Output, exactly and in full, only the lines from the one containing "由图可知,F合=mgsin30°=ma(1分) 得 加速时S1=gt2/2;减速时S2=Vt2/2a=gt2(1分)" to the last line of the data. Pictures should not appear.

▶ Data segment
════════════════
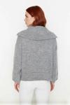 Ürün Özellikleri: Oversize kalıp, akrilik polyester materyal, düz desen, dik yaka, düşük kol, triko kumaş, ekru renk.
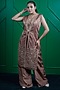 Featuring a brown jacket in hand woven jacquard kasab silk base with handwork. It is paired with a bustier and straight pants. Accentuate it with polki jewellery and block heels for festive occasions, sangeet or wedding ceremony.
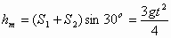 由图可知,F合=mgsin30°=ma(1分) 得 加速时S1=gt2/2;减速时S2=Vt2/2a=gt2(1分) |
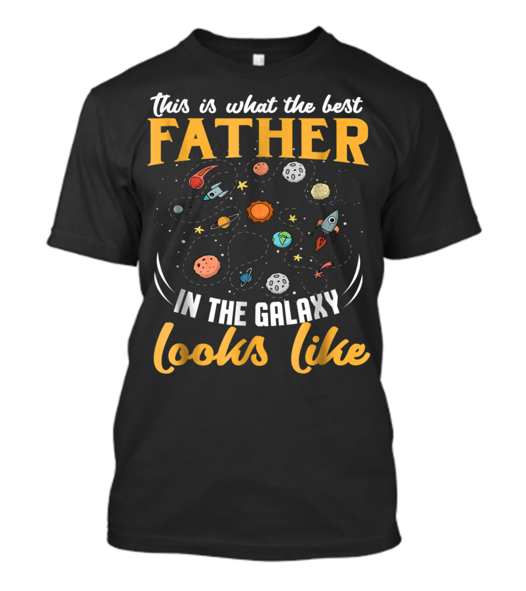 The This Is What the Best Father in the Galaxy Looks Like T-shirt is designed for everyday wear and a consistent fit. Fabric is pre-shrunk ring-spun cotton with durable stitching. See the size chart below for exact measurements.
════════════════
▶ Your solution
 由图可知,F合=mgsin30°=ma(1分) 得 加速时S1=gt2/2;减速时S2=Vt2/2a=gt2(1分) |
 The This Is What the Best Father in the Galaxy Looks Like T-shirt is designed for everyday wear and a consistent fit. Fabric is pre-shrunk ring-spun cotton with durable stitching. See the size chart below for exact measurements.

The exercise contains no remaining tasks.